I'm wondering about this thing: I have
\begin{equation} T: \ell^2 \rightarrow \ell^2 \end{equation} \begin{equation} Tx_n = \frac{1}{n}x_n \end{equation}
I need to prove that $T$ is injective but not surjective and that $Rg(T)$ is dense in $\ell^2$. For injectivity I have:
\begin{equation} Tx_n = 0 \Leftrightarrow \frac{1}{n}x_n = 0 \Leftrightarrow x_n \equiv 0 \end{equation}
so I think I'm done.
For surjectivity, what came in mind immediately, is that knowing that $x_n, 1/n$ belong to $\ell^2$ their product is in $\ell^1$ (By Holder). So by this quick reasonment, I should conclude that $Rg(T) = \ell^1$ which is dense in $\ell^2$. But my question is:
Can I entirely cover $\ell^1$ by $\frac{1}{n}x_n$ (Both in $\ell^2$)? Probably this is trivial but I was just wondering about it.

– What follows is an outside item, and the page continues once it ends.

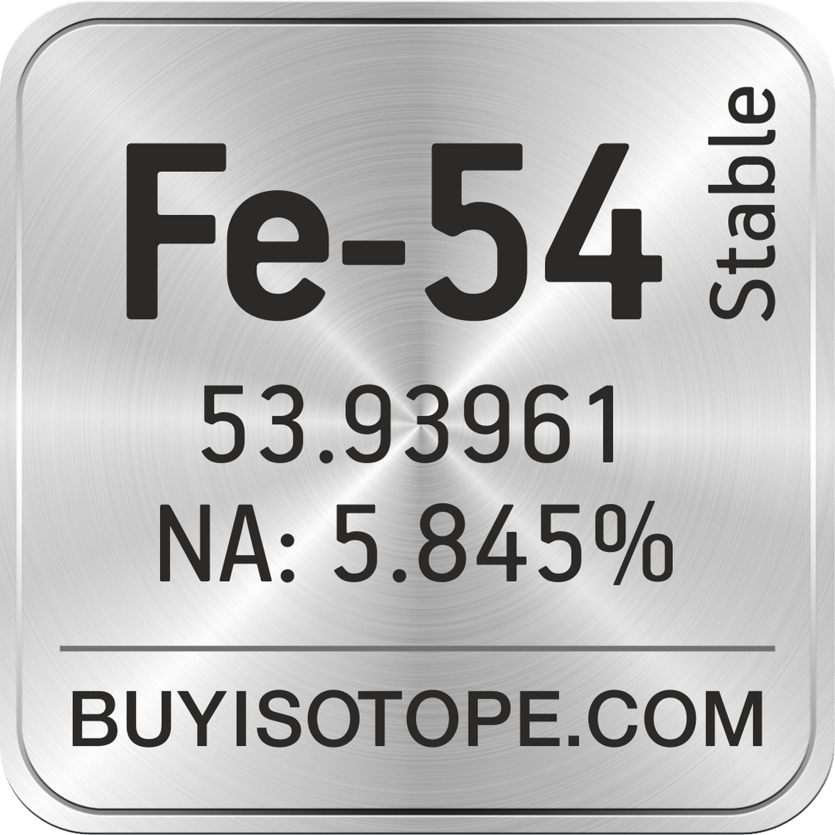 Fe-54 isotope is available to order from BuyIsotope.com in Fe-54 metal (Fe) chemical form and in Fe-54 oxide (Fe2O3) chemical form. Please contact us via request a Fe-54 quote BuyIsotope.com to order Fe-54 isotope, to get Fe-54 price and to buy Fe-54 isotope.

The range of $T$ is the set of all the sequences $(x_n)_{n\geqslant 1}$ such that the sequence $(nx_n)_{n\geqslant 1}$ belongs to $\ell^2$. Indeed, if $(nx_n)_{n\geqslant 1}$ belongs to $\ell^2$ then let $a_n=nx_n$ and show that $T((a_n)_{n\geqslant 1})=(x_n)_{n\geqslant 1}$ hence $(x_n)_{n\geqslant 1}$ is in the range of $T$. THe converse is not harder.
In particular, the range of $T$ contains the sequences whose only finitely many terms do not vanish and this set is dense in $\ell^2$.